When I was in my early 20s and facing the very real specter of an impending divorce, I said to someone, “I’m 22, and I feel like my life is over.”
He shook his head and said, “I’m 32, and I feel like my life is just beginning.”
That stuck with me for years, obviously, and I took it to heart during many trying times. But it still struck me that the last ten years of my life have been among the best I have ever lived. I understand now what this acquaintance meant when he said his life was just beginning, because at 43, I am happier than I have ever been.
It isn’t just being married to a wonderful man who understands me, loves and accepts me (even when I’m a pain in the ass). It isn’t just having two wonderful daughters who fill my heart with such joy, happiness and pride. Nor is it this amazing home (120 years of history!) and area that I live in.
These are all huge, and they have conspired to make me a happier person, more grounded, loving, and accepting of life with all of its quirks and unexpected turns.
But recently I have stumbled upon what I can only describe as the secret to happiness in life.
The living of it. And the people I have met who make it so worthwhile.
Last night we were up until 2:30 in the morning. 2:30…a.m. Me. The person who is asleep by 9:30 most nights and up at 5am in the morning. I had so much fun, drank a bit more than I usually do, and laughed and talked for hours with a couple we had met recently at a neighborhood association meeting.
As we sat out on our wraparound porch and the rain poured down, I realized how amazingly lucky I am. How blessed my life is. I don’t use that word lightly – as an agnostic with atheist leanings – that word doesn’t come out of my mouth very often. It is the friendships that we make, the lives that intersect with ours, that makes each day new and more special.
We spent eight hours laughing and sharing stories of our lives with Andy and Blake.
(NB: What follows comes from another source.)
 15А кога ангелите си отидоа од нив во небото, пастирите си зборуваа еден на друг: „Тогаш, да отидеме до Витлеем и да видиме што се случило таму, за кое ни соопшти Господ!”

I think of other new, or recently new friends.
Bethany, who approached me a year or more ago and said, “My daughter has informed me that she is best friends with your daughter and so we need to arrange a playdate.” She, and her husband Lee, are funny, and intelligent, and humorous and creative. I anxiously await the birth of their baby daughter this week.
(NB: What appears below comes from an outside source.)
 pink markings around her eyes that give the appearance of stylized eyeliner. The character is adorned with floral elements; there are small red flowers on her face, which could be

Kristin, and her husband Tom, who we met at a garage sale, saw their book collection and simply HAD to be friends with. Funny and intelligent, kind and sharing.
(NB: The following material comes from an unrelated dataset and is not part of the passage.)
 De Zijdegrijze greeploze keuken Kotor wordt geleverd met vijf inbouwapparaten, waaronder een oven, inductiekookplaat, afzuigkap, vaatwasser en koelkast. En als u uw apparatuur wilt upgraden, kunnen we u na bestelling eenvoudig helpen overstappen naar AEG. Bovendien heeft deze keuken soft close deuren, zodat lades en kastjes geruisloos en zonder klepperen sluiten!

Or Jim and Sherry, the couple who rehabbed this amazing house and sold it to us – innovative, creative, thoughtful and generous individuals.
Our friends Victoria and John, and their two wonderful kids, Zach and Aliyah, down-to-earth, green-living, earth-conscious, homeschoolers and kind, good people.
Melissa and Dave, kind and fun people, homebrewers, kid-oriented, wonderful human beings.
And so many others.
These connections, these intersections where our lives cross and we share moments, hours, days and more together. That is what makes everything else possible in our lives. The happiness, the connectedness, the opportunities.
I guess what I’m saying is that, I’m really, really looking forward to the next forty years of my life. I have a feeling that the best is yet to come.